And so, but they're not licensed psychologists or doctors or nurses like.

So they don't have medical licenses and related licenses.

So what do you do?


And so that's what the CCS H came as.

Like, let's create an organized way to get them to be sort of paraprofessionals.

And also let's remember that the people, especially the people with sleep apnea.

It really used some one-on-one health and support like you know like adapting to CPAP and and I feel like you know a lot of the people I know who were who have gone the CCSH route, like who started in you know like they may be still are doing the sleep tech thing but they're able to actually have more time with patients and run clinics where they explain a bit more about CPAP.

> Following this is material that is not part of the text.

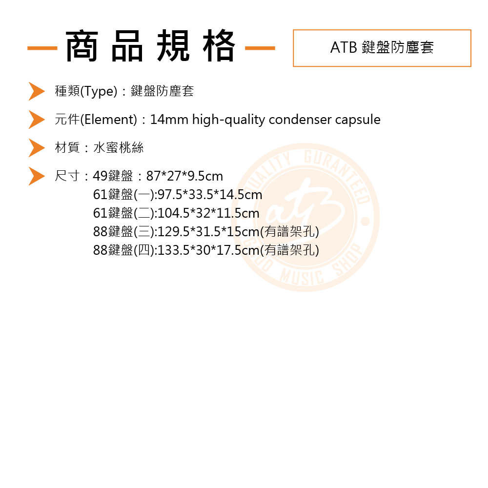 ◆ 88鍵防塵套具有貼心譜架孔設計

And I think that that's a great thing.


I mean that's why CCSH is a sort of the one exception.

But the reason I I call it an asterisk rather than one being good is that when most people think of coaching sleep coaching, they don't think of what Ccsh's do.


Ccsh's are mostly sleep apnea paraprofessionals and they can do more.

And actually the side of behavioral Sleep Medicine is working with them to try and increase their curriculum and broaden it a little bit to make it a little more behavioral and something.


Like so, but so, so coaching.

It's still sort of Wild West.

And so with Sleep Reset is it's a coaching platform.

So it's not for people who are who need it as treatment for a sleep disorder.


It's for people who might already be getting treatment for sleep apnea or some other sleep disorder but still have aspects of their sleep that might not be criteria for an insomnia disorder.

Could probably still use some help, some accountability, some guidance, some tips.


Yeah, it's the way I see it is the different what's the difference between therapy and coaching the field is this is a highly controversial area right now.

But I.

Hugely controversial, yeah, but I I usually am happy throwing myself out in front of things and taking the hip.


What do I care for vacation?

Nobody's right, but this is the thing.

But This is why I do it, because it's because you know, as we academics wring our hands, patients are looking for solutions And and either we embrace this and guide it or put our heads in the sand, pretend it doesn't exist or insult it.


But patients don't care.

Patients want help and it's clearly meeting a need so so This is why This is why I've sort of put myself out here only because it's it helps patients and.

It wouldn't be really like from a patient perspective, it would be really nice if there was a clear way, like there was a credential that maybe maybe sort of a beefed up CCSH, you know, like where behavioral Sleep Medicine is working on it.


They're working on a credential.

Yeah, I think for this reason.

Enormously helpful just for people who, because I mean I talked to patients.

All the time.

And I think that sometimes it's just a bit confusing.

Like they don't know, like they're reading people's credentials and it doesn't really mean anything to them.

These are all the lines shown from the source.